In the entries that follow, find the line containing "Masterplug High Gloss" and the line containing "Read moreGünstige Preise, mittelmäßige", then copy exactly everything from the first through the second except the pictures.

/---

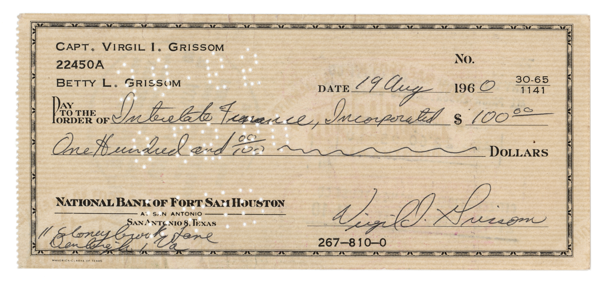 Personal check, 6.25 x 2.75, filled out and signed by Grissom, "Virgil L. Grissom," payable to Interstate Finance, Incorporated for $100, August 19, 1960. In fine condition.
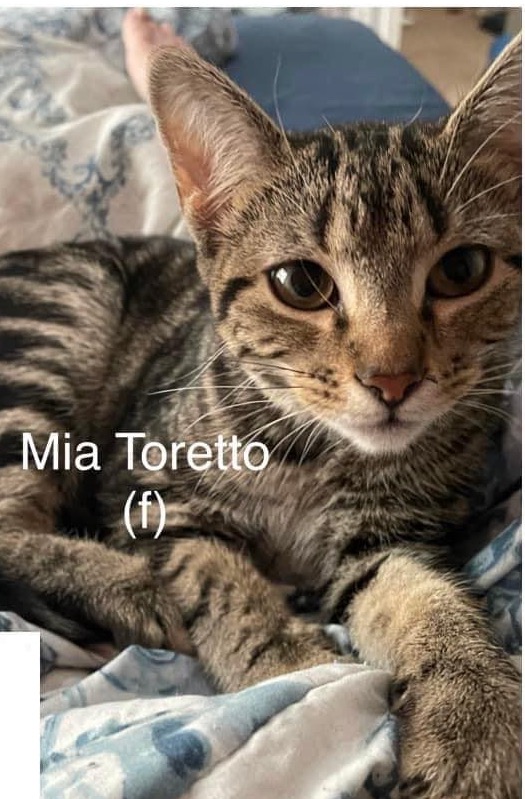 Mia Toretto is a 4-month-old female Domestic shorthair kitten. Up to date with age-appropriate shots. She is fascinated with wand toys and loves to crawl up in your lap for love and scratches. She isn’t too excited about dogs but might be able to adapt to them if they are calm and laid back. Great companion and is good with other cats. Just a sweetheart! To fill out an application and set up a meet and greet and for more information on all the cats please go to https://www.puurrrfectpawsrescue.com or message them through their FB page, Puurrrfect Paws Rescue & Cafe.
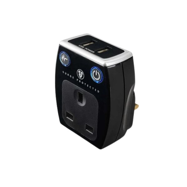 Masterplug High Gloss 2 USB (3.1A) Surge Adaptor Black (SRGAUSBPB3-MPA)
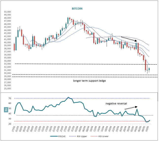 Downside force still looks to prevail and price is very likely to push on to test the big cluster of potential support between US$28,800 and US$30,400. This level marks a ledge that can be traced right back to January 2021.
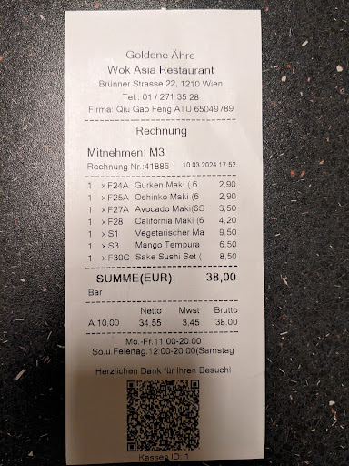 Read moreGünstige Preise, mittelmäßige Qualität (aber Preis/Leistung ist in Ordnung) - Bedienung hat Probleme mit der deutschen Sprache und den Gesetzen (erkennen die österreichweit auch als Genesungsbescheide anerkannten Absonderungsbescheide nicht an, Kinder müssen möglichst geimpft sein, der Ninjapass gilt nicht und der PCR-Befund gilt nur 2 Tage statt 3!!)! Alles in Allem: ein paar Meter weiter gibt es einen 2. Asiaten, der freundlicher ist. Ich wollte bezüglich des 2G-Problems der Bedienung helfen - sie ist leider SEHR arrogant und...
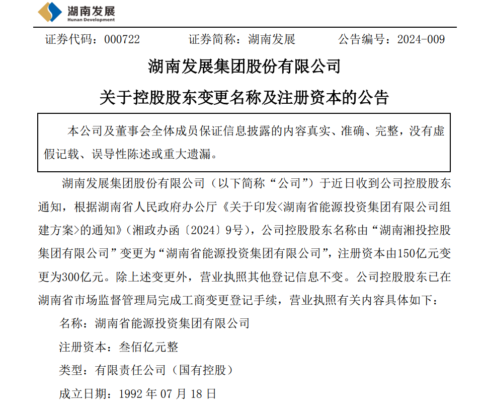 公告顯示,湖南發(fā)展于近日收到公司控股股東通知,根據(jù)湖南省人民政府辦公廳《關(guān)于印發(fā)<湖南省能源投資集團(tuán)有限公司組建方案>的通知》(湘政辦函〔2024〕9號(hào)),公司控股股東名稱由“湖南湘投控股集團(tuán)有限公司”變更為“湖南省能源投資集團(tuán)有限公司”,注冊資本由150億元變更為300億元。除上述變更外,營業(yè)執(zhí)照其他登記信息不變。公司控股股東已在湖南省市場監(jiān)督管理局完成工商變更登記手續(xù)。

\---

**Solved exercise**
 Masterplug High Gloss 2 USB (3.1A) Surge Adaptor Black (SRGAUSBPB3-MPA)
 Downside force still looks to prevail and price is very likely to push on to test the big cluster of potential support between US$28,800 and US$30,400. This level marks a ledge that can be traced right back to January 2021.
 Read moreGünstige Preise, mittelmäßige Qualität (aber Preis/Leistung ist in Ordnung) - Bedienung hat Probleme mit der deutschen Sprache und den Gesetzen (erkennen die österreichweit auch als Genesungsbescheide anerkannten Absonderungsbescheide nicht an, Kinder müssen möglichst geimpft sein, der Ninjapass gilt nicht und der PCR-Befund gilt nur 2 Tage statt 3!!)! Alles in Allem: ein paar Meter weiter gibt es einen 2. Asiaten, der freundlicher ist. Ich wollte bezüglich des 2G-Problems der Bedienung helfen - sie ist leider SEHR arrogant und...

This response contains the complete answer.